So etwas konnte uns nur die Regierung antun
Es muss ein sehr ruhiges Treffen gewesen sein. Es begann am vergangenen Montag in den plüschigen Büros des Finanzministeriums in Washington D.C. Auf der einen Seite des Tisches saß der amerikanische Finanzminister Henry Paulson. Er wurde vom Vorsitzenden der amerikanischen Zentralbank, Ben Bernanke und von der Vorsitzenden der Bundeseinlagensicherungsanstalt, Sheila Bair flankiert.
Auf der anderen Seite saßen die Hauptgeschäftsführer der größten Banken der Welt.
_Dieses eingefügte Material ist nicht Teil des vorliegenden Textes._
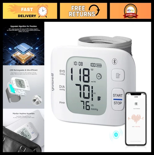 Smart Rechargeable Wrist Blood Pressure Monitor with Large Cuff, Voice & Travel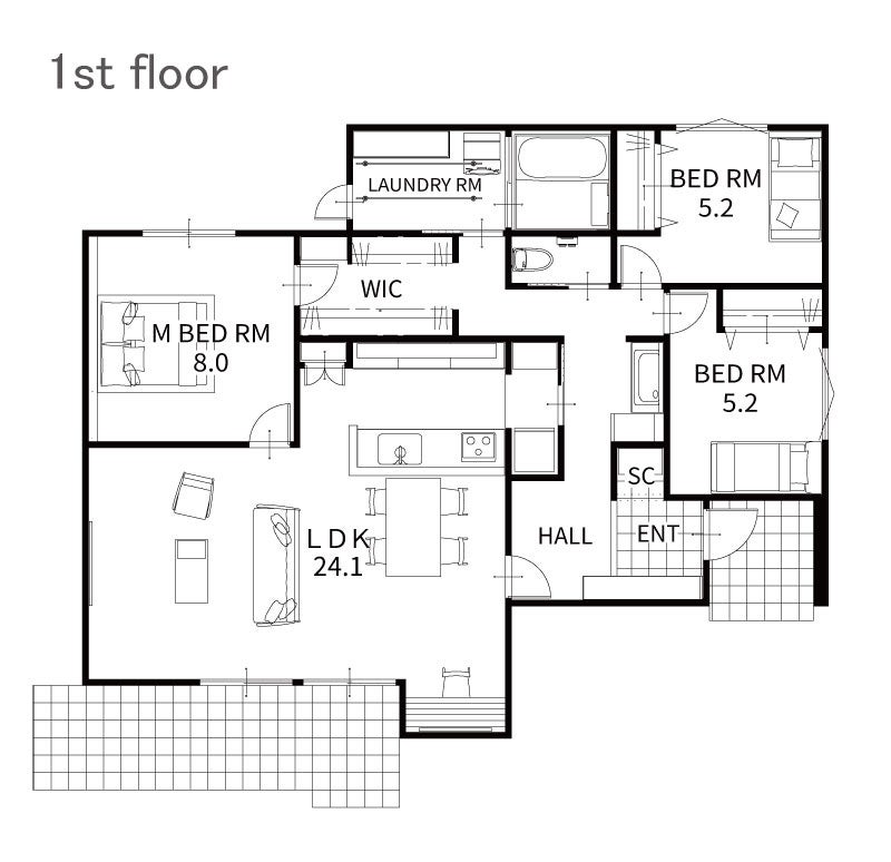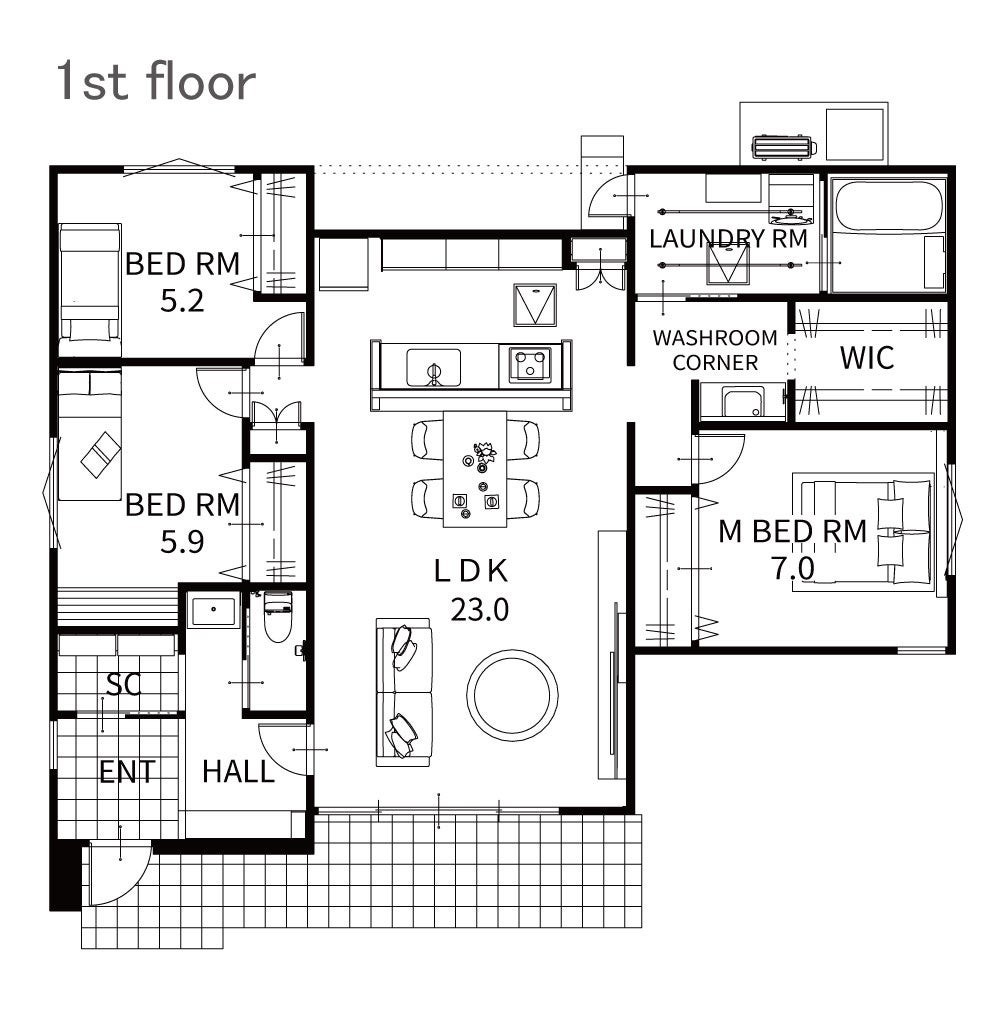 ●暮らしの一体感: 生活空間が一階にまとまっているため、家族間のコミュニケーションが取りやすく、家全体としての一体感が生まれやすいです。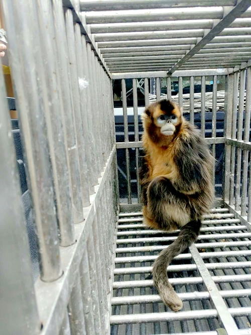 中午13:10分,保护区和县林业局野保股、森林公安等单位工作人员一起对金丝猴进行护送,于下午15点左右,将金丝猴护送至碧峰峡动物园救护中心。通过救护中心兽医的检查,初步诊断为该金丝猴可能存在寄生虫,加之因饥饿导致身体虚弱,跟不上猴群,准确的诊断仍需做进一步的检查,所以决定将其留在碧峰峡动物园救护中心进行治疗,待身体痊愈后,进行综合评估后再决定把金丝猴放归野外。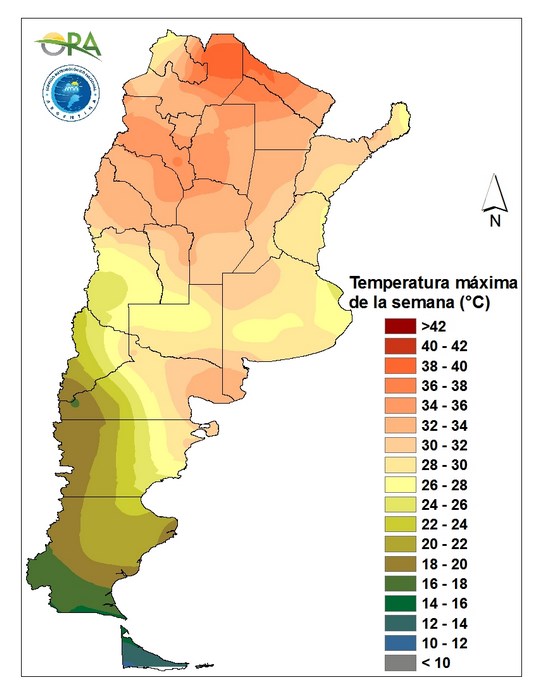 Luego de varios días de precipitaciones en Córdoba, Santa Fe, Entre Ríos, norte de Buenos Aires y de La Pampa, los acumulados semanales rondaron los 50-100mm. Se registraron tormentas intensas, con abundante caída de agua, viento intenso y granizo. Entre lunes y jueves hubo precipitaciones en el noreste argentino, con montos acumulados de 100-170mm, en especial en Misiones. En el noroeste del país, las lluvias afectaron al sector oriental, con totales semanales de 10-30mm.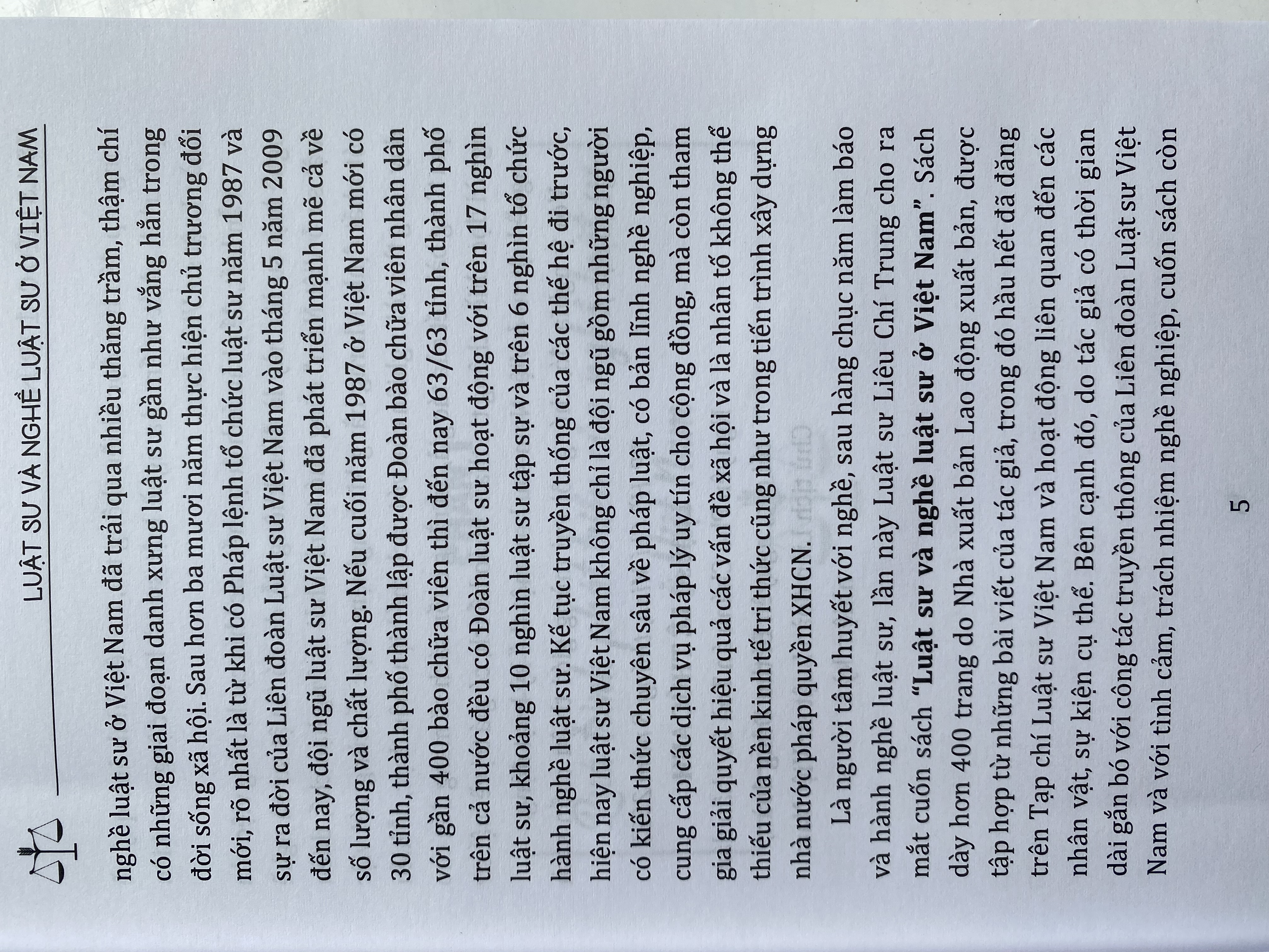 Luật sư là một nghề cao quý. Hoạt động của luật sư cũng được coi là "hàn thử biểu" của nền dân chủ trong xã hội tiến bộ, phát triển. Bởi, luật sư và nghề luật sư xuất hiện như một lẽ tự nhiên do nhu cầu được bảo vệ các quyền, lợi ích hợp pháp của con người, vì mục đích đảm bảo công bằng xã hội và là "sứ giả" đưa pháp luật đến gần hơn với đời sống. Với sứ mệnh bảo vệ công lý, hoạt động của luật sư luôn có ảnh hưởng lớn đối với xã hội, đồng thời đây còn là một trong những lực lượng quan trọng tham gia vào sự nghiệp xây dựng và bảo vệ đất nước.Trong bối cảnh Việt Nam hội nhập sâu rộng với thế giới, luật sư và nghề luật sư ngày càng được quan tâm, coi trọng. Để giúp bạn đọc tìm hiểu thêm về quá trình phát triển của nghề luật sư ở Việt Nam Luatvietbook xin trân trọng giới thiệu cuốn sách " LUẬT SƯ VÀ NGHỀ LUẬT SƯ Ở VIỆT NAM " Tác giả: TS.LS Liêu Chí Trung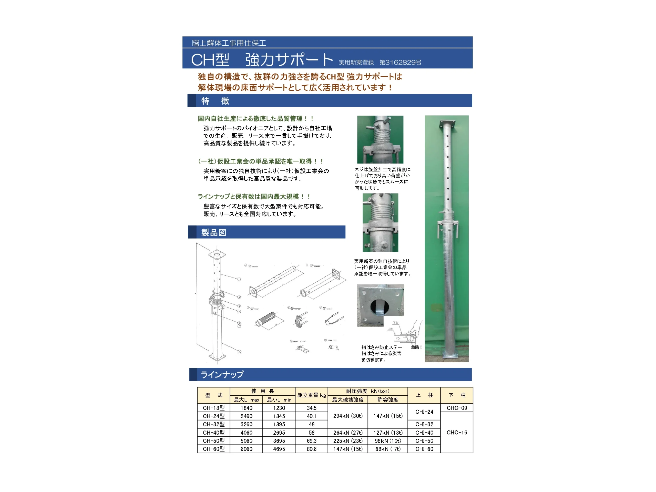 独自の構造で、抜群の力強さを誇るCH型強力サポートは解体現場の床面サポートとして広く活用されています!国内自社生産による徹底した品質管理!!強力サポートのパイオニアとして、設計から自社工場での生産,販売,リースまで一貫して手掛けており、高品質な製品を提供し続けています。(一社)仮設工業会の単品承認を唯一取得!!実用新案にの独自技術により(一社)仮設工業会の単品承認を取得した高品質な製品です。インナップと保有数は国内最大規模!!豊富なサイズと保有数で大型案件でも対応可能。販売、リースとも全国対応しています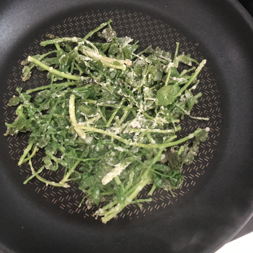② 뜨겁게 달군 프라이팬에 기름을 넉넉히 두르고 중불로 낮추어 미나리전을 부친다. 반죽이 거의 없는 상태이므로 모양을 동그랗게 잘 잡아준다.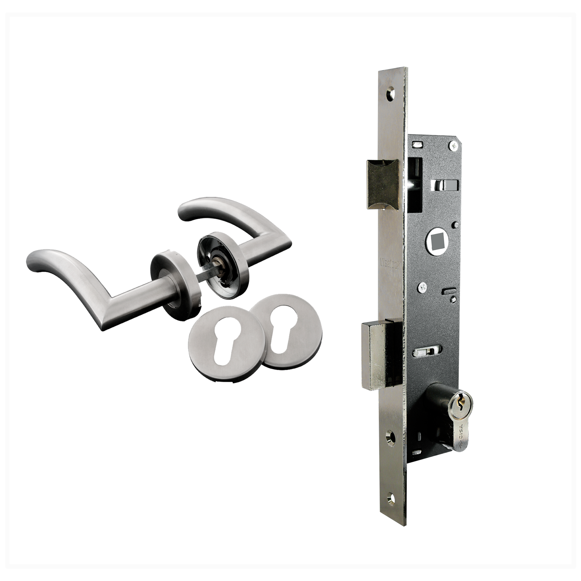 Cerradura para Embutir Palermo Acero Niquelado 20mm + Manilla para Puerta 2551 Acero Inoxidable Visalock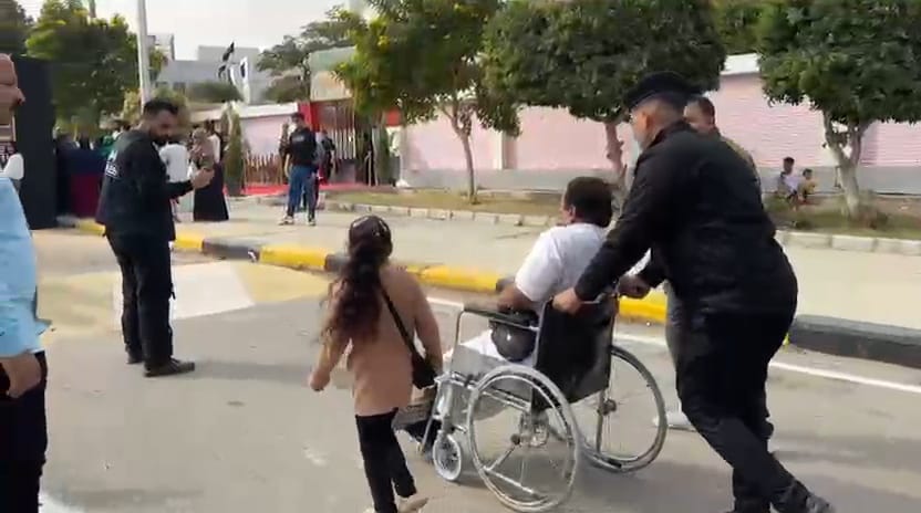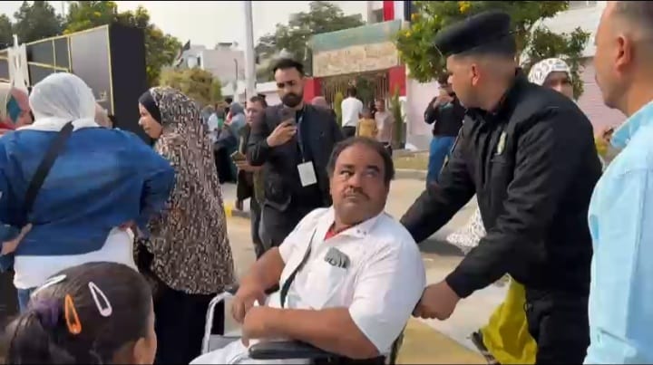 أدلى مواطن من ذوي الهمم بصوته الانتخابي على كرسي متحرك في انتخابات مجلس النواب بالمدرسة البريطانية بمنطقة التجمع الأول.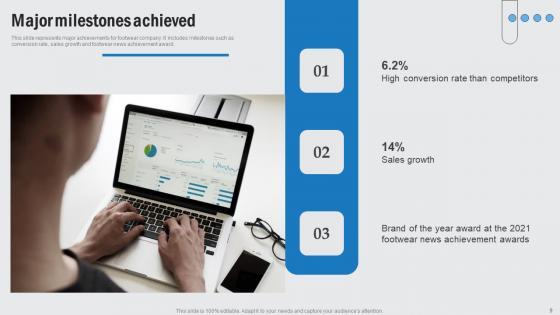 This slide represents major achievements for footwear company. It includes milestones such as conversion rate, sales growth and footwear news achievement award. If your project calls for a presentation, then Slidegeeks is your go-to partner because we have professionally designed, easy-to-edit templates that are perfect for any presentation. After downloading, you can easily edit Major Milestones Achieved Footwear Company Funding Elevator Pitch Deck Topics Pdf and make the changes accordingly. You can rearrange slides or fill them with different images. Check out all the handy templates This slide represents major achievements for footwear company. It includes milestones such as conversion rate, sales growth and footwear news achievement award.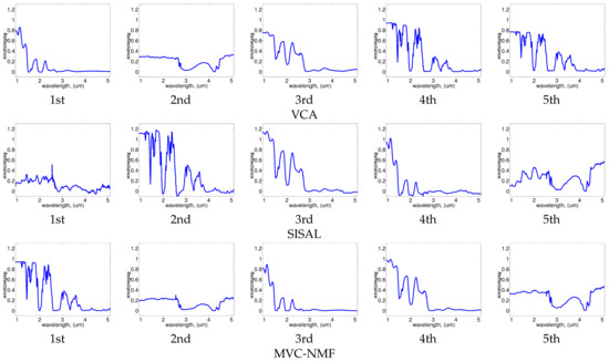 The spectra of the five endmembers extracted by VCA, SISAL and MVC-NMF with the synthetic data.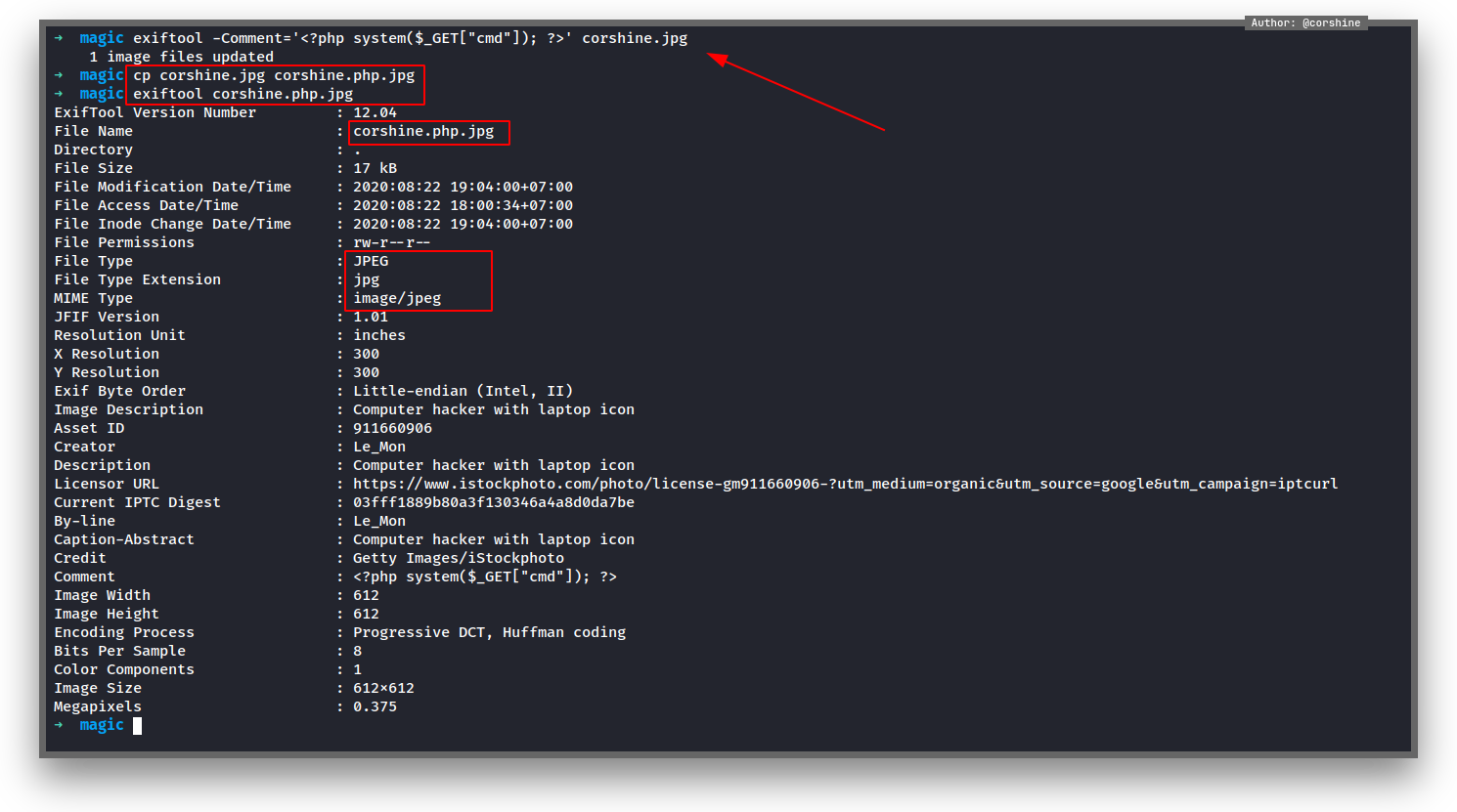 I found a medium article that was posting about image file upload and it uses exiftool to manipulate the metadata with php code of the default image.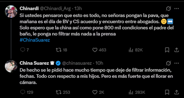 Mientras tanto, la China Suárez mantuvo una postura combativa en redes sociales. En su cuenta de X, publicó una serie de mensajes donde dejó entrever su malestar con el padre de sus hijos y su modo de manejar la exposición pública. “Es más fuerte que él llorar en cámara”, escribió, generando aún más ruido mediático.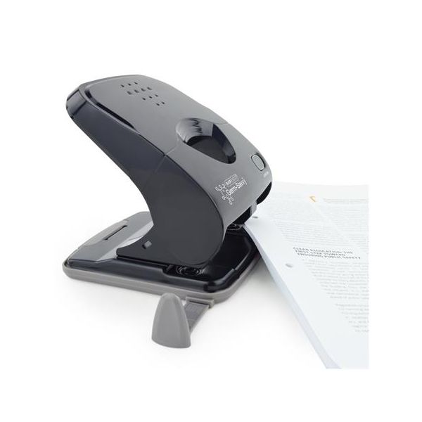 Kancelársky dierovač s posuvným pravítkom, materiál kov v kombinácii s plastom, rozpätie dier 8 cm, kapacita dierovania 12 listov. Priemer diery 5,5 cm.
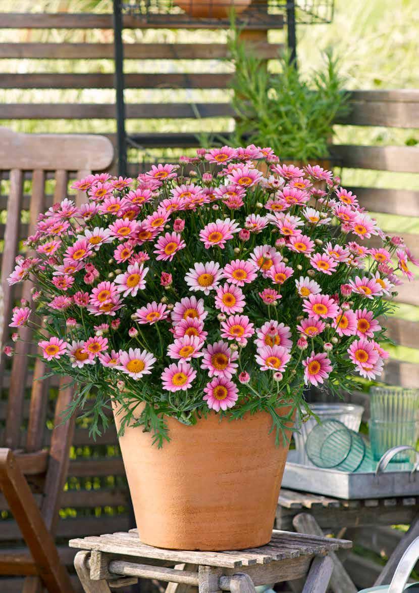 Our choice for you fell on a argyranthemum of bushy growth, early blossom and a long-lasting bloom.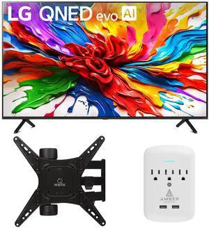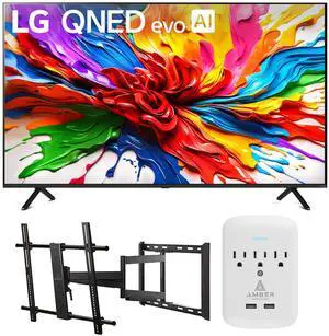 LG 65QNED92AUA 65 Inch 4K QNED Mini LED evo AI Smart TV with a Walts Medium Full Motion Mount and Amber Protection 3-OUTLET-SURGE Surge Protector (2025)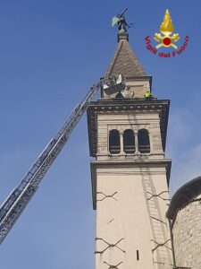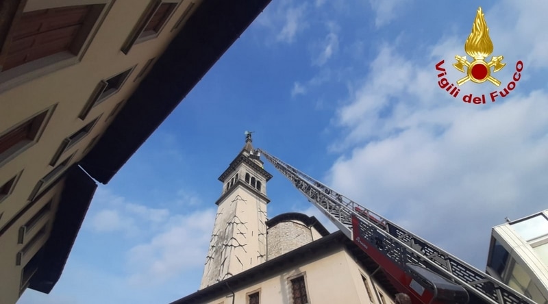 Oggi la squadra dei Vigili del fuoco di Tolmezzo, a seguito di una richiesta della locale Amministrazione comunale, è intervenuta presso il campanile del Duomo per la messa in sicurezza di un manufatto metallico riproducente la stella cometa che, posto in cima al campanile a circa 40 metri di altezza, era pericolante.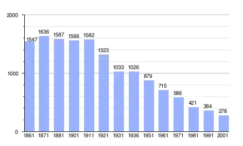 | Gráfica de evolución demográfica de Bajardo entre 1861 y 2001 |

Sie saßen in alphabetischer Reihenfolge, wobei der Vorsitzende der Bank of America an einem Ende saß und der Hauptgeschäftsführer von Wells Fargo am anderen Ende. Dazwischen saßen die Vertreter der Bank of New York Mellon, Citicorp, Goldman Sachs, J.P. Morgan Chase. Merrill Lynch, Morgan Stanley und State Street.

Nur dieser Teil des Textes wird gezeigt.